Partecipanti al progetto FRIDAS durante un laboratorio tra arte e rugby

Adolescenti protagonisti tra gamification, video e sport inclusivo

Il progetto coinvolge ragazze e ragazzi tra i 12 e i 17 anni in un percorso che combina gamification, pratiche artistiche partecipative e attività sportive, rendendoli protagonisti di un processo creativo collettivo. Attraverso le pratiche di empatia corporea sviluppate dalla squadra Wheelchair Rugby ASD Romanes e la ricerca audiovisiva dei Monkeys Video Lab, gli adolescenti saranno guidati in un lavoro sul corpo, sulla relazione con l’altro e sulla rappresentazione delle proprie esperienze.

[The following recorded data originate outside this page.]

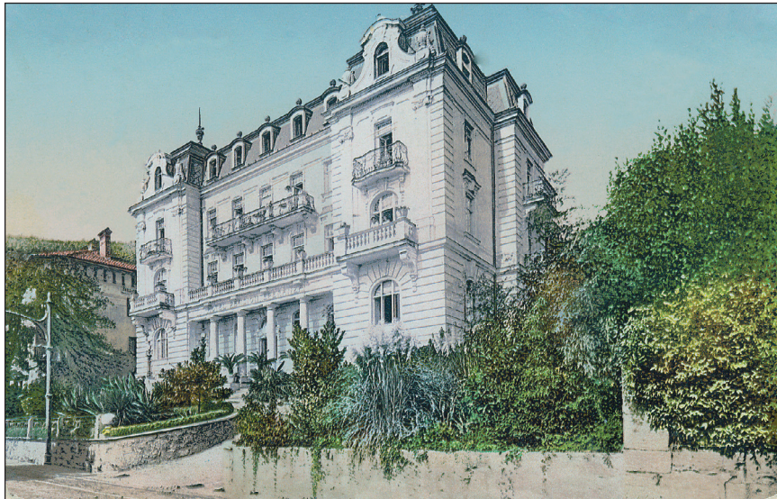
Hotel Speranza, danas Villa Dubrava, dio opatijske Thalassoterapije Former Hotel Speranza, now Hotel Villa Dubrava of the Thalassoterapia complex
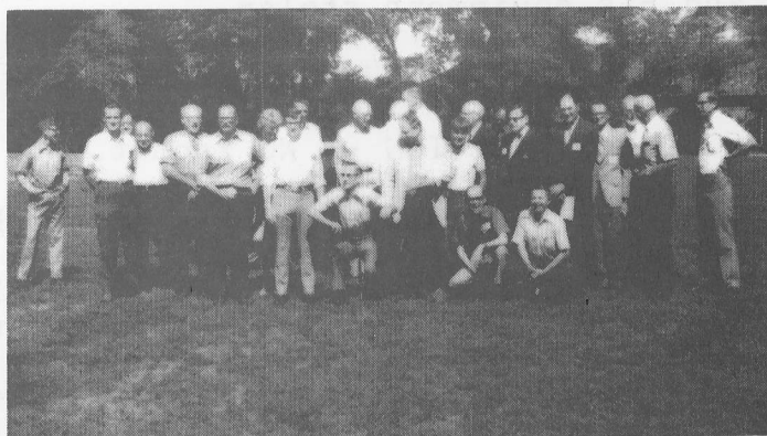
1972 ARMS Convention
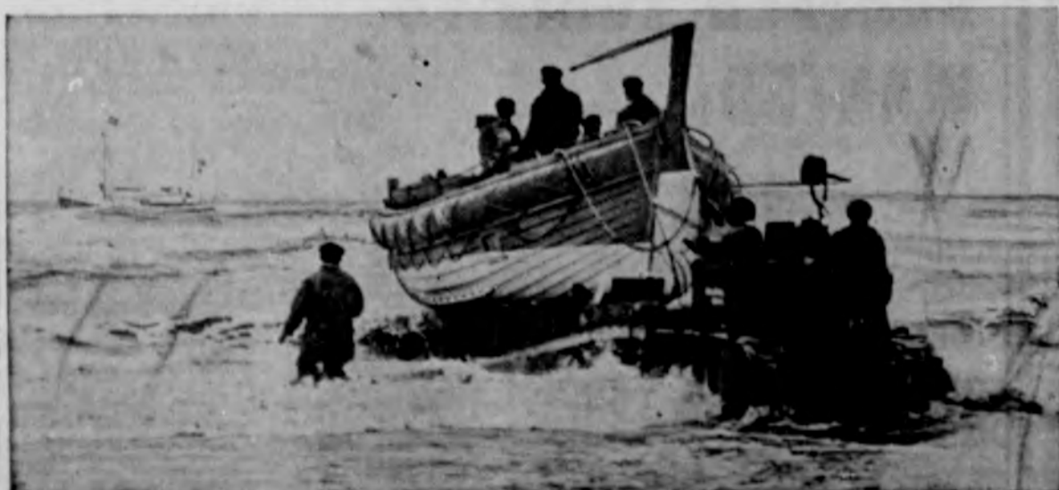
A new method of launching coast guard boats into surf is demonstrated on the coast of Holland. The equipment includes a tractor with caterpillar drive and a special truck for the boat.
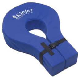
Neck Collar $51.95
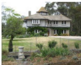
Westerfield_house garden lily pond_KJ_Dec 08
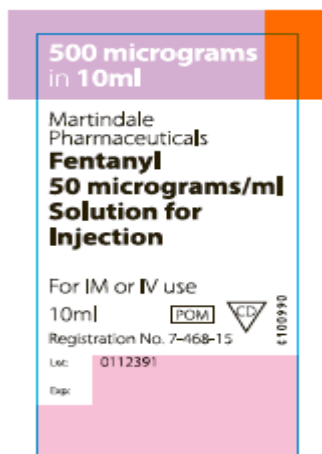
Ampoule label for batch 0112391R
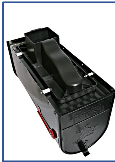
(Fig 3) Image below shows mounting of large mailbox
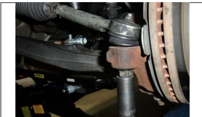
Remove outer tie rod nut at spindle
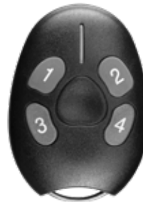
4-Channel Transmitter for AY-L23 Receiver
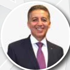
Omar Amer Youssef Ambassador of the Arab Republic of Egypt Greece
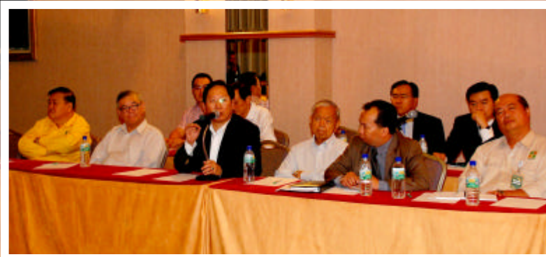
Right: Members making enquiries during the Question and Answer session
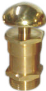
AIR RELEASE VALVE
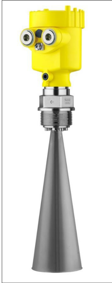
Photograph 4: PS60K with 75mm Horn Antenna
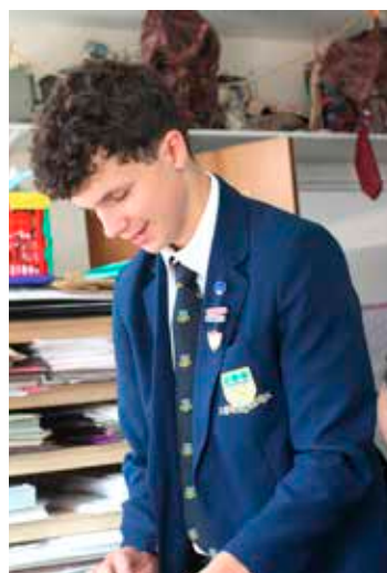
NORMANHURST SCHOOL North Chingford Ages 2 ½ to 16

I Monkeys Video Lab, collettivo di produzione audiovisiva fondato nel 2018 da Simone Nazzareno Valente, Alessio Rucchetta e Valerio Sammartino, attiveranno la dimensione concettuale e creativa del progetto attraverso laboratori e processi di produzione filmica. Il percorso condurrà nel 2027 alla realizzazione di un’installazione multimediale immersiva, pensata per coinvolgere il pubblico in un’esperienza partecipativa che intreccia immagini, suoni e narrazioni sviluppate insieme ai giovani partecipanti.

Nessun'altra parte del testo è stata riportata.